# Work request
Could you copy every entry exactly, dropping the pictures?

▬▬▬▬▬▬

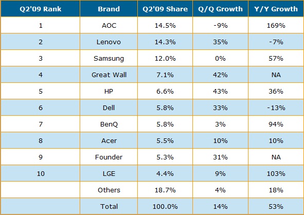 中國國內桌上型電腦市場現階段消費者喜歡自行組裝電腦(有時我們稱作DIY),桌上型液晶顯示器是其中一項只要的配件,這項特性也為白牌顯示器廠商提供了絕佳機會。從品牌廠商來看,2009年第二季度 AOC(冠捷)在中國成為第一大桌上型液晶顯示器品牌廠商,擊敗國內PC品牌的領導者Lenovo(聯想),這也進一步顯示出中國DIY市場強勁成長。AOC(冠捷)是TPV旗下的主要品牌,而TPV是桌上型液晶顯示器的最大代工廠商,不僅為自己品牌代工,也為全球最大PC與桌上型液晶顯示器品牌廠商如HP, Acer, Lenovo, Dell等代工。
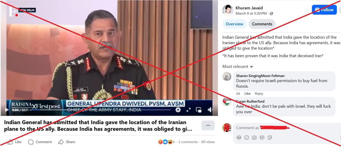 "The Indian General has admitted that India gave the location of the Iranian plane to the US ally," reads a March 13, 2026, Facebook post sharing a clip of India's Chief of Army Staff Upendra Dwivedi giving a speech.
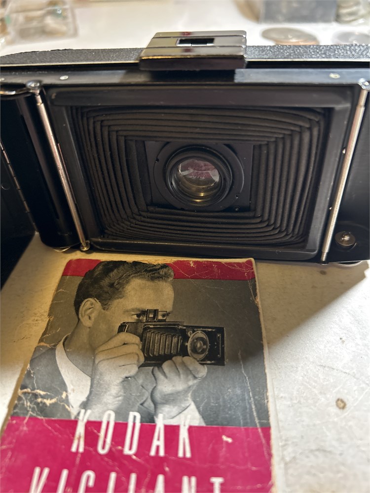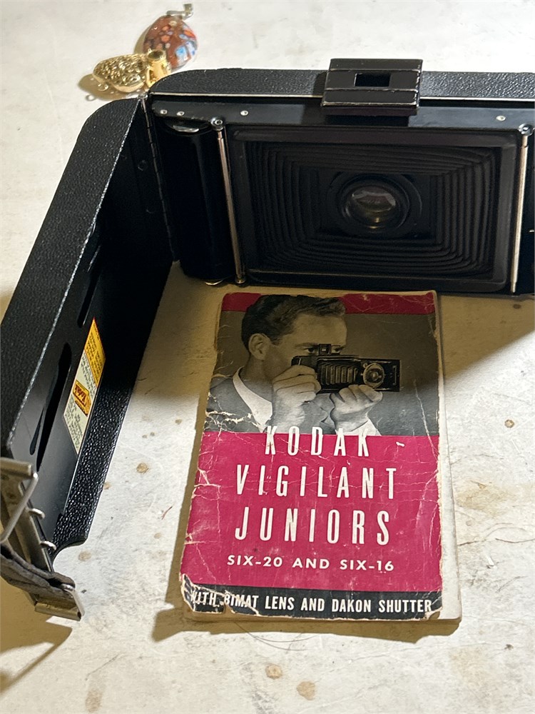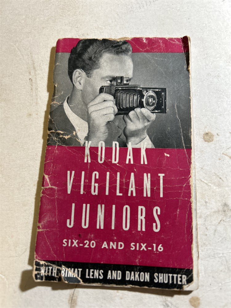Vintage 1940's Kodak Vigilant Junior Six-20 Folding Camera Original with the book on it
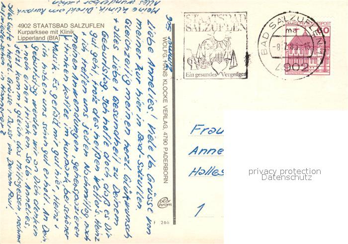 73205165 alte Postkarte Bad Salzuflen Kurparksee Klinik Lipperland postalisch gelaufen Erhaltung siehe scans [NatalD47] KatCode: 11110005766008
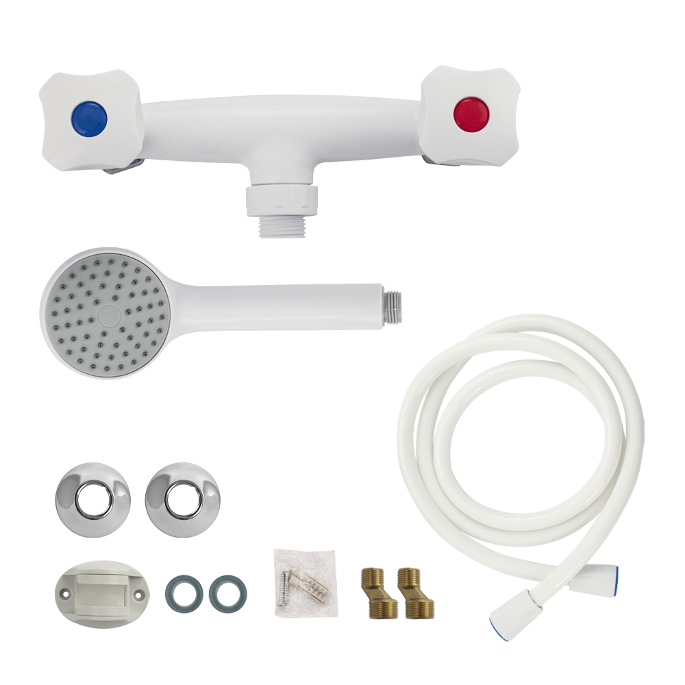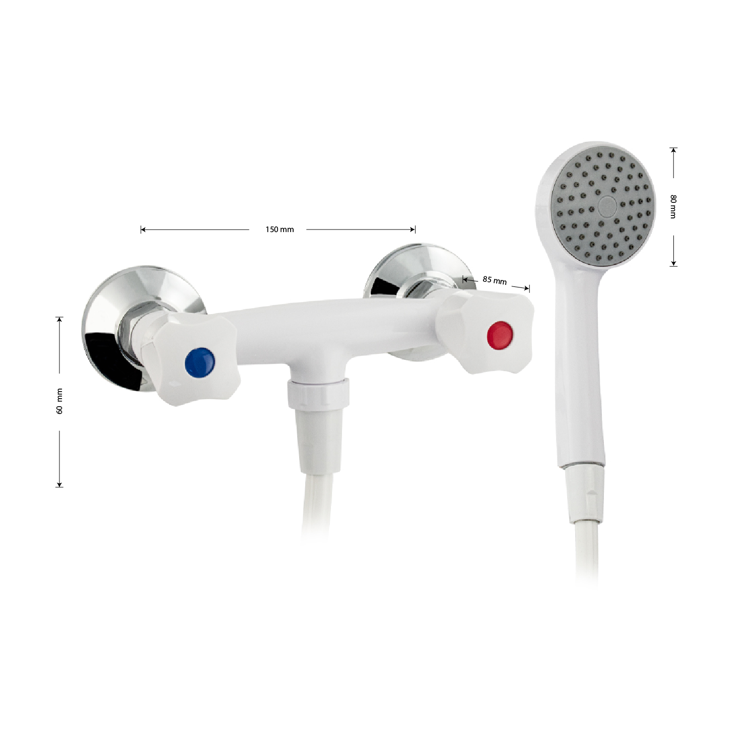 Смеситель из высокопрочного пластика АБС - белый, в ванную/душевую комнату, без излива, литой корпус, металлокерамика. Материал изготовления — пластик. Кранбуксы металлокерамика 1/2, ручки ромб поворот на 90˚. Габаритные размеры: ширина 150 мм, высота корпуса 60 мм, душевая лейка d = 80 мм, пластиковый шланг 150 см, диаметр чашки 65 мм. Вес - 0,800 кг, объём - 0,00600 м3. В комплекте паспорт, корпус, душевая лейка, шланг, кронштейн, комплект крепежа и прокладок.
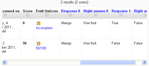 The interactions report may be downloaded in ODS, Excel or text format and include responses, right answers and results (whether the response to a question was right or wrong).
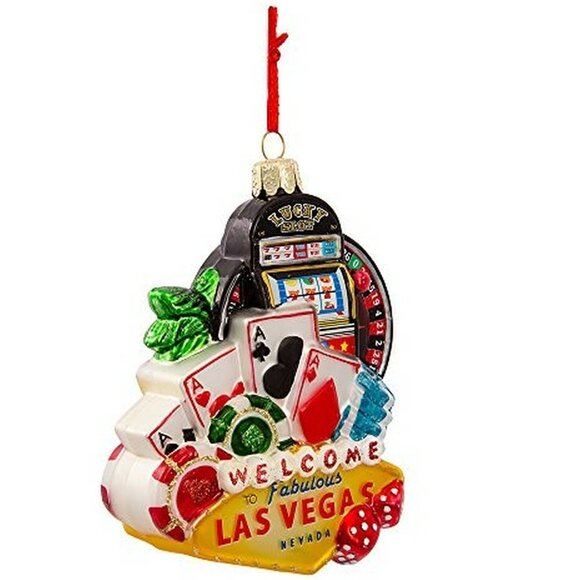🎄Kurt Adler LAS VEGAS 4.65" Glass Christmas Tree Large Ornament City Scapes
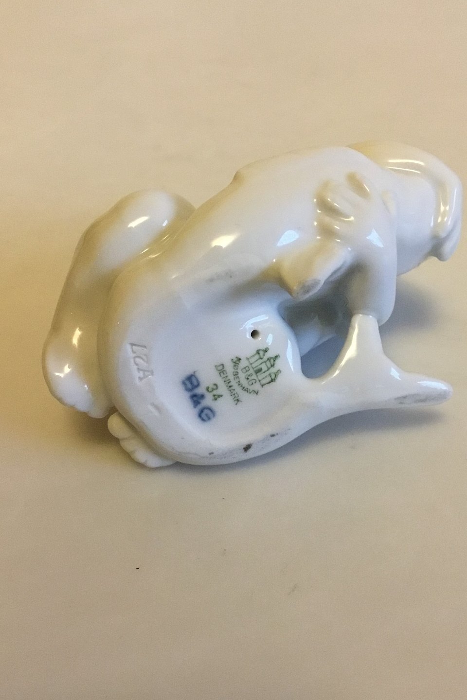 Bing & Grondahl Blanc de Chine Figurine of Child looking down at Fish No 4034. Designed by Kai Nielsen. Measures 7 cm / 2 3/4 in.
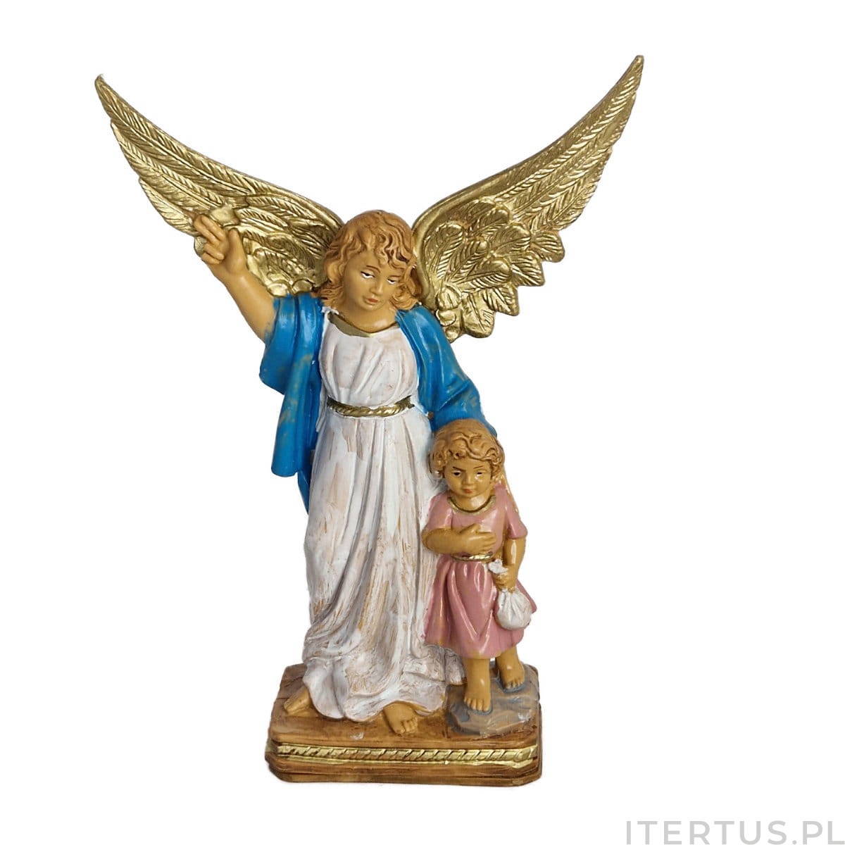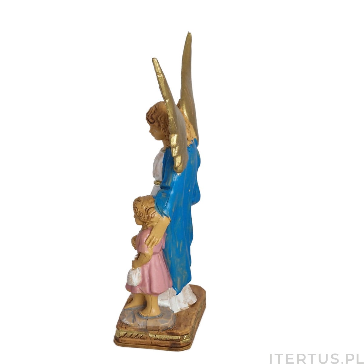 Figurka Anioła Stróża z dzieckiem to symbol opieki i bezpieczeństwa. Przedstawia anioła o złotych skrzydłach, który prowadzi małą dziewczynkę. Kolory są wyraźne i harmonijne. Anioł ma białą szatę z niebieskim płaszczem. Dziewczynka ubrana jest w różową sukienkę. Całość wygląda elegancko i przyciąga uwagę.

▬▬▬▬▬▬

# Response
 中國國內桌上型電腦市場現階段消費者喜歡自行組裝電腦(有時我們稱作DIY),桌上型液晶顯示器是其中一項只要的配件,這項特性也為白牌顯示器廠商提供了絕佳機會。從品牌廠商來看,2009年第二季度 AOC(冠捷)在中國成為第一大桌上型液晶顯示器品牌廠商,擊敗國內PC品牌的領導者Lenovo(聯想),這也進一步顯示出中國DIY市場強勁成長。AOC(冠捷)是TPV旗下的主要品牌,而TPV是桌上型液晶顯示器的最大代工廠商,不僅為自己品牌代工,也為全球最大PC與桌上型液晶顯示器品牌廠商如HP, Acer, Lenovo, Dell等代工。
 "The Indian General has admitted that India gave the location of the Iranian plane to the US ally," reads a March 13, 2026, Facebook post sharing a clip of India's Chief of Army Staff Upendra Dwivedi giving a speech.
Vintage 1940's Kodak Vigilant Junior Six-20 Folding Camera Original with the book on it
 73205165 alte Postkarte Bad Salzuflen Kurparksee Klinik Lipperland postalisch gelaufen Erhaltung siehe scans [NatalD47] KatCode: 11110005766008
 Смеситель из высокопрочного пластика АБС - белый, в ванную/душевую комнату, без излива, литой корпус, металлокерамика. Материал изготовления — пластик. Кранбуксы металлокерамика 1/2, ручки ромб поворот на 90˚. Габаритные размеры: ширина 150 мм, высота корпуса 60 мм, душевая лейка d = 80 мм, пластиковый шланг 150 см, диаметр чашки 65 мм. Вес - 0,800 кг, объём - 0,00600 м3. В комплекте паспорт, корпус, душевая лейка, шланг, кронштейн, комплект крепежа и прокладок.
 The interactions report may be downloaded in ODS, Excel or text format and include responses, right answers and results (whether the response to a question was right or wrong).
🎄Kurt Adler LAS VEGAS 4.65" Glass Christmas Tree Large Ornament City Scapes
 Bing & Grondahl Blanc de Chine Figurine of Child looking down at Fish No 4034. Designed by Kai Nielsen. Measures 7 cm / 2 3/4 in.
 Figurka Anioła Stróża z dzieckiem to symbol opieki i bezpieczeństwa. Przedstawia anioła o złotych skrzydłach, który prowadzi małą dziewczynkę. Kolory są wyraźne i harmonijne. Anioł ma białą szatę z niebieskim płaszczem. Dziewczynka ubrana jest w różową sukienkę. Całość wygląda elegancko i przyciąga uwagę.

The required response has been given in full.